Now comes the present-day White House with a stunningly sluggish Hooverian mentality on matters of far greater import, in the long run, than severe economic woes: to wit, global warming. Referring to his own administration's oxymoronically titled"Climate Action Report" as something"put out by the bureaucracy," the president has finally, though snidely, acknowledged the egregious effects of carbon dioxide, nitrogen oxide, sulfur dioxide, and mercury brimming over, around, and beneath us. Sure the atmosphere is heating up, admits W. Sure it'll get even hotter. And yep, that'll cause polar caps to melt, causing the seas to rise and thus causing the loss of water supplies, Rocky Mountain meadows, coastal wetlands, coral reefs, barrier islands, and even the loss of some sand in which he has head obstinately stuck.

And what does the president plan on doing about these less than sanguine environmental expectations? One indigenous, 2-toed White House struthio camelus announced the newly issued report compels the nation"to move forward on the president's strategies for addressing the challenge of climate change." The real challenge, though, lies in finding the strategies--any effective ones, that is.. We are told they're out there; somewhere, presumably, on the smog-clouded horizon above rising tides.

Because W. possesses that uncanny knack for boiling complexities down to their simple essence, his sole strategy is this: a Hooveresque gestalt-kind-of-vision-thing, in which he'll phone up a few campaign contributors--those belching, sky-blackening utilities most addicted to atmospheric toxins--and ask them to please cut down on their smoking.
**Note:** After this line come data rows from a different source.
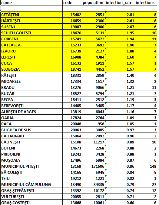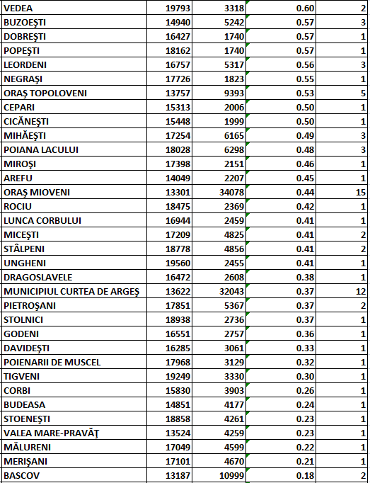 Vestea bună este că, în ultimele 24 de ore, localitatea Cetățeni a ieșit din scenariul roșu. Vestea proastă: numărul cazurilor active de infectare cu noul coronavirus continuă să crească, ajungând la 414 în întreg județul, de la 366 acum 24 de ore. De asemenea, a crescut și numărul localităților argeșene în care sunt înregistrate oficial cazuri de COVID-19: de la 62 la 66: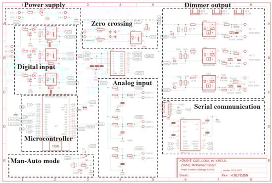 The first part is carried out in two modes, manual and controlled with a graphical interface. The second is processed by a microcontroller, an Aduino nano in our case. As for the third part, it controls three poles via Optotriacs + Triac for full and half lighting. In order to make our light control system, different components were used and a user interface was created. For the realization of our electronic card, and in order to prototype our electronic circuit in a real Printed Circuit Board (PCB), we used the EAGLE PCB software [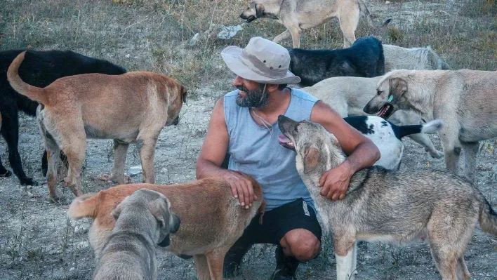 Bursa'da bir hayvanseverin beslediği yüzlerce köpek etrafını sarıp ona sevgi gösterisinde bulunuyor.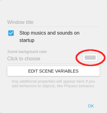 The gray background does not really suit the game. As there will be trees on both sides of the road, the green color might be the best. To do so, you can right-click anywhere on the scene and select Scene properties. Click on the box below Scene background color that says Click to choose.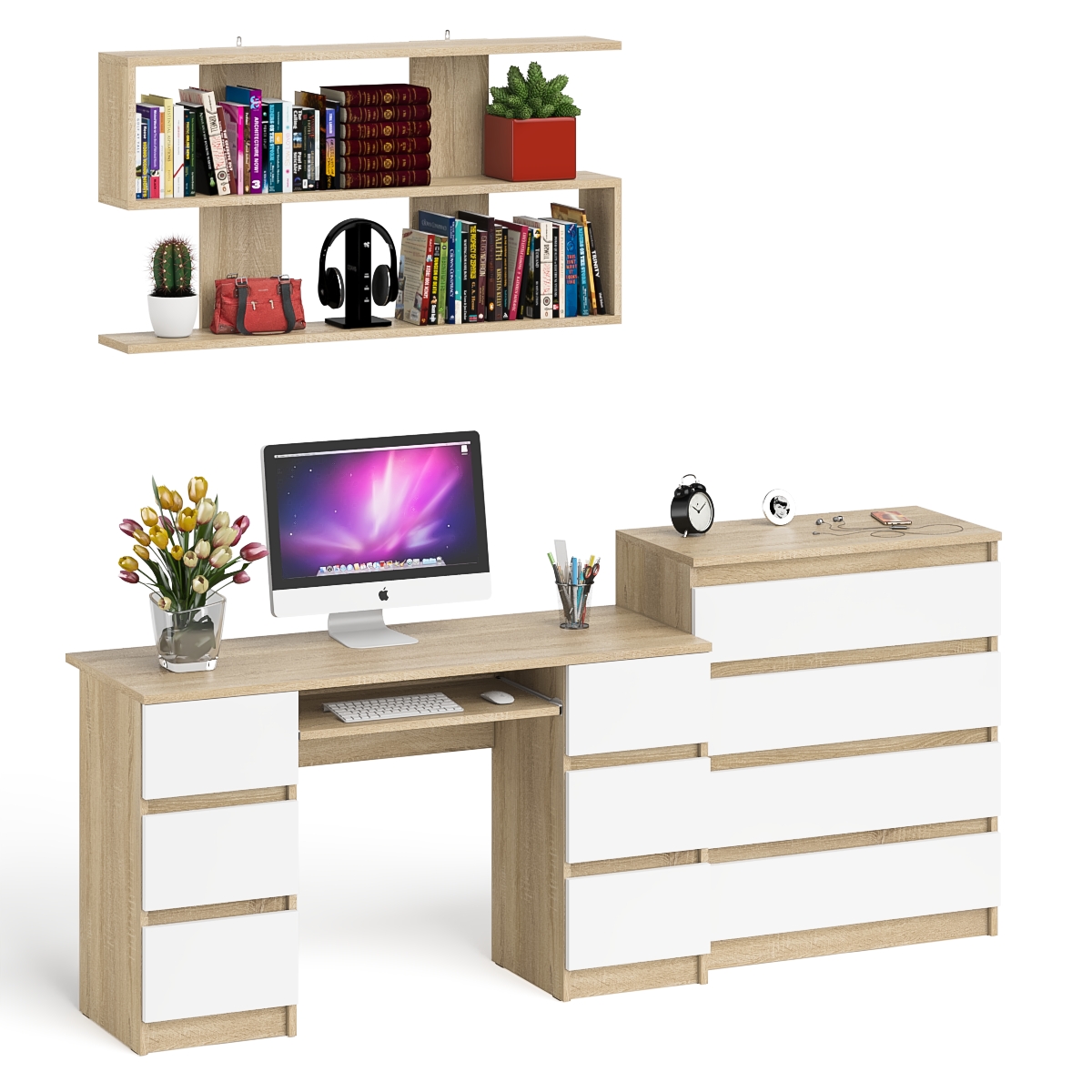 Отзывы о Столплит Стол письменный Мори МС-2 с комодом МК800 4 ящика и полкой 1200 Дуб Сонома, Белый

At least a little. But for heaven's sake don't get the idea W. might get brutish about this. He'd trade a Rocky Mountain meadow for a smokestack full of campaign cash any old day, so he's willing to be reasonable. As for coral reefs and sandy-white beaches? Well hell, who can afford to vacation pleasantly these days anyway, what with corporate-executive vultures keeping a sharp eye on wages so there's more to spend on pretty parachutes.

For 22nd-century historians, 2002 could be the year that replaces 1929 as a more significant benchmark of failed government and tragic consequences; the year in which government--with educated hindsight on volunteerism's limitations--knew what needed to be done and blithely did nothing. Future historians surely will be mindful of 2002's failures, because they'll be up to their keesters in salt water--thanks to Bush II and its noble reinvention of Hooverism.